While we were unable to conduct the chemoselective acetylation of 6-OH in lactone 6, we found that the simple protection of the 4-OH group in 16 significantly increased the efficiency of this final acetylation. To this end, blocking the hydroxyl group at C-4 in 16 as the benzyl ether with freshly prepared silver oxide afforded 20 in 92% yield (Scheme 5). Subsequently, the hydrolytic removal of the acetonide group followed by lactonization with 50% aqueous trifluoroacetic acid provided the desired bicyclic dioxabicyclo[3.3.1]nonane lactone 21 with a satisfactory result over two reactions in one pot. 21 was subjected to the same acetylation conditions to furnish acetate 22 in a yield of 87% over two steps. The structure and stereochemistry of acetate 22 were confirmed by single-crystal X-ray diffraction analysis.¹⁴ Hydrogenolysis of 22 with a 10% Pd/C catalyst under a H₂ atmosphere provided the target (+)-protulactone B (2′) in an essentially quantitative yield.

Scheme 5 Synthesis of (+)-protulactone B (2′).

The ¹H and ¹³C NMR spectra of our synthetic (−)-protulactones A (1′) and (+)-B (2′) are in complete agreement with the spectra reported for these natural products (Table 1).
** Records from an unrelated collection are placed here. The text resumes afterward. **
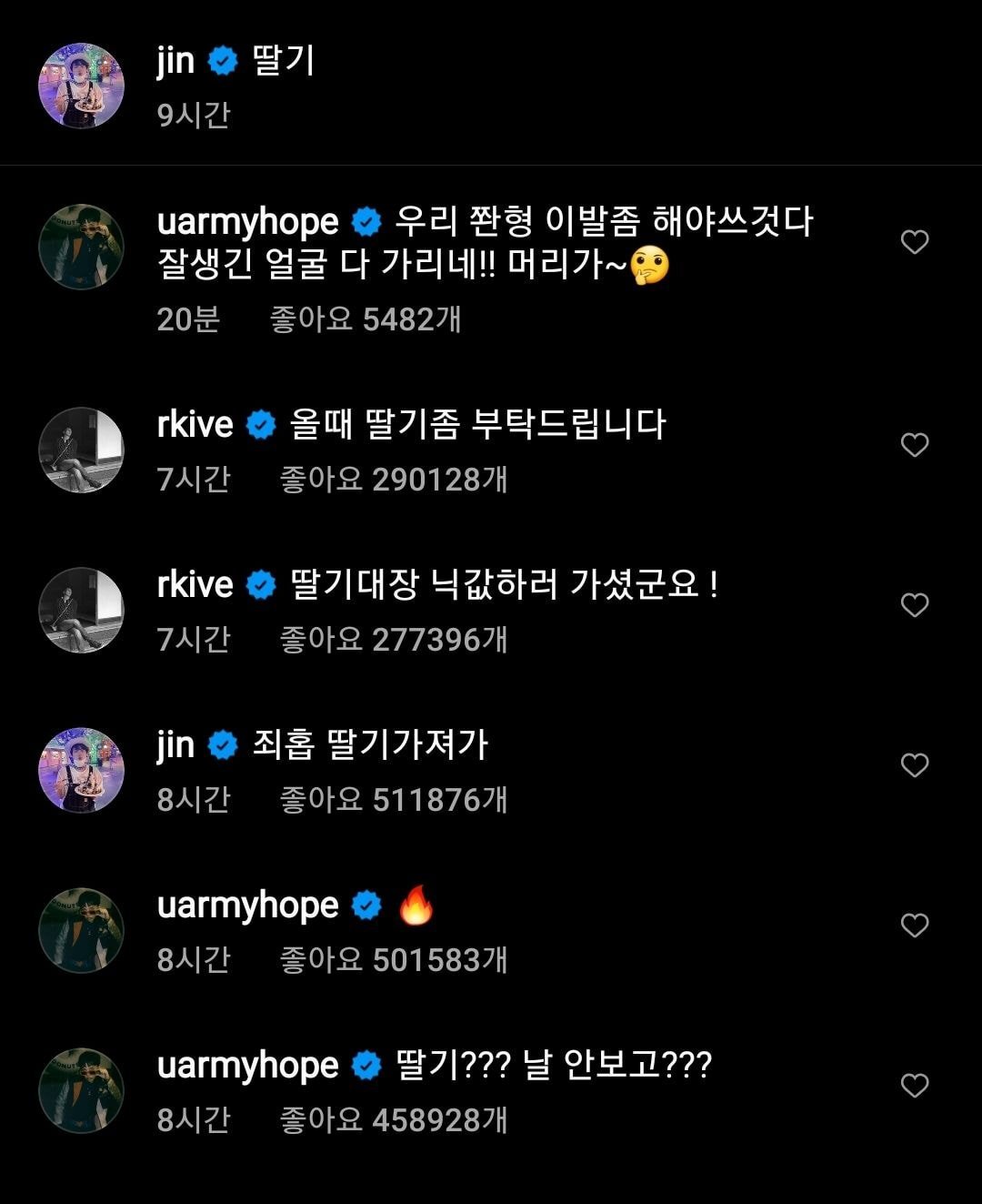 삼촌네 딸기 농장에 다녀온 후 올린 진 인스타에 달린 제이홉 댓글부터 시작됨ㅋㅋㅋ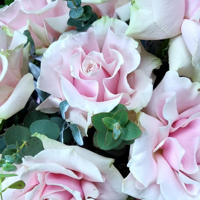 Эвкалипт – 3 шт.Роза Эквадор – 7 шт.Фисташка – 4 шт.Шляпная коробка – 1 шт.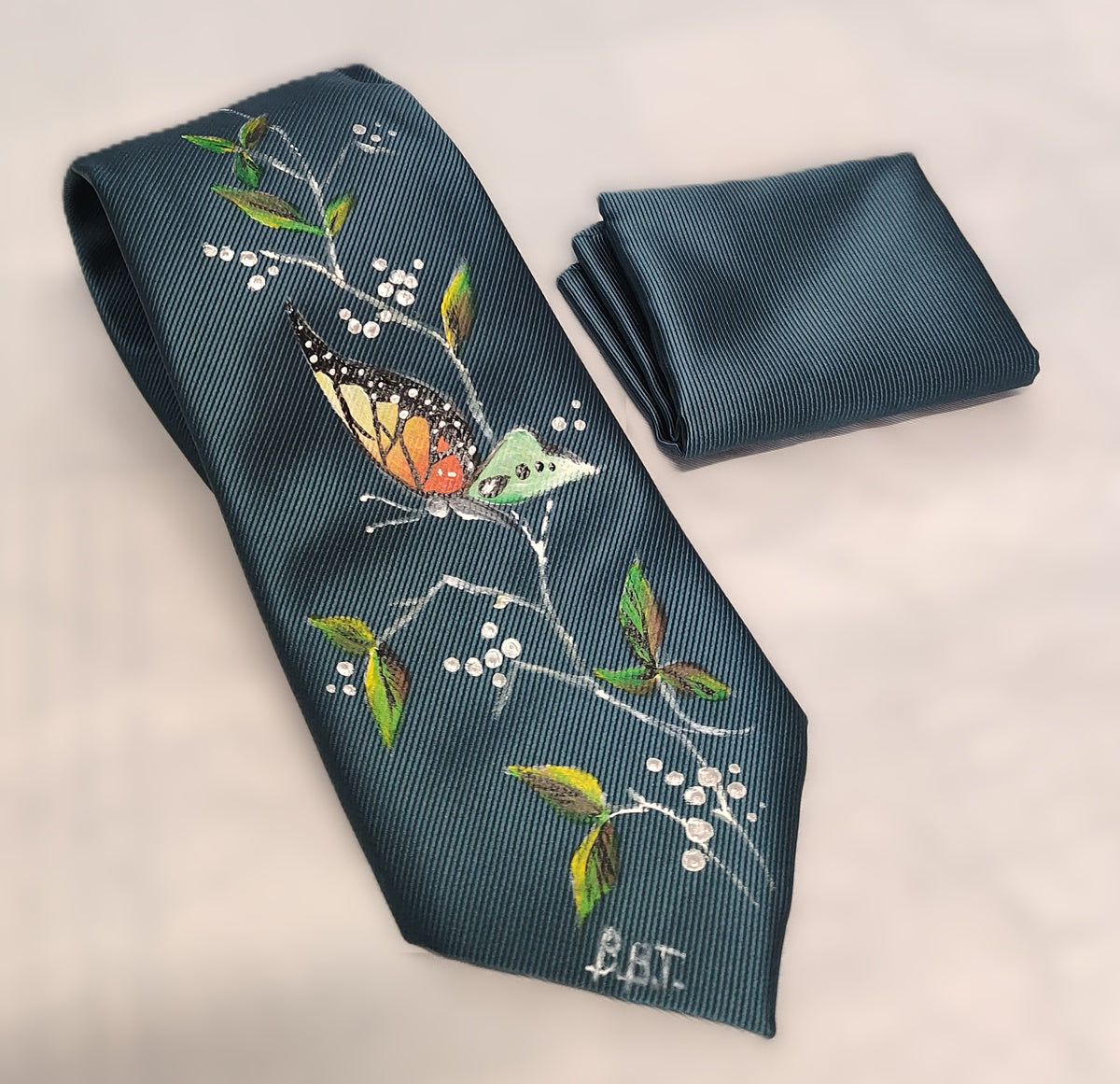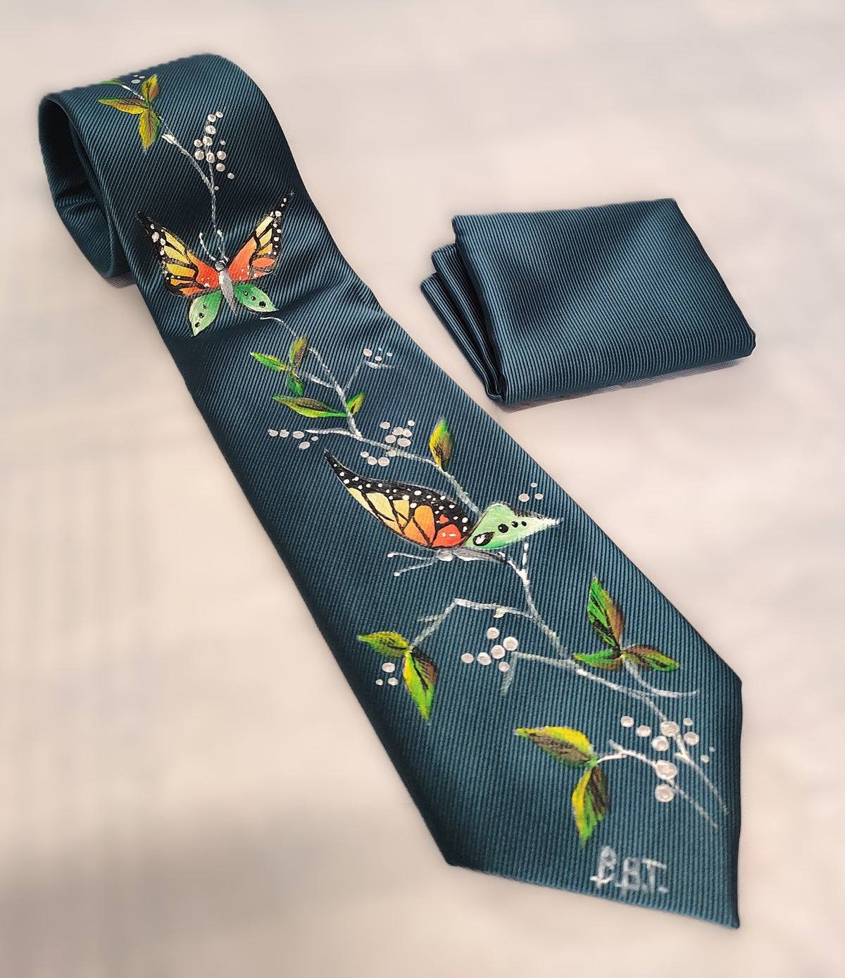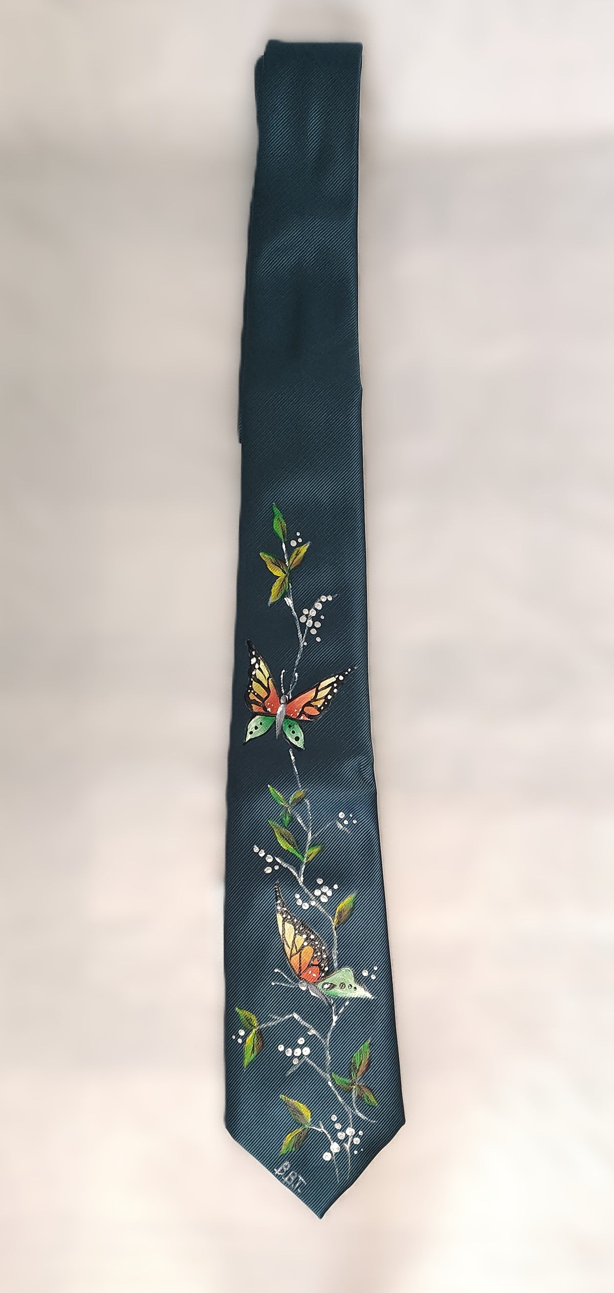 Aggiungi un tocco di eleganza al tuo look con la nostra cravatta farfalle nel verde. Questa cravatta dipinta a mano presenta bellissime farfalle dai colori accesi, che si abbinano perfettamente ai petali e fiori sullo sfondo. L'accessorio perfetto per un look sofisticato e raffinato.

However, the specific rotations obtained for the synthetic samples are opposite in sign to the value reported for the natural protulactones, which shows that our synthetic protulactones A (1′) and B (2′) are the enantiomers of the natural products.¹⁵

Table 1 Comparison of ¹H and ¹³C NMR data of natural and synthetic (+)-protulactone B (2′)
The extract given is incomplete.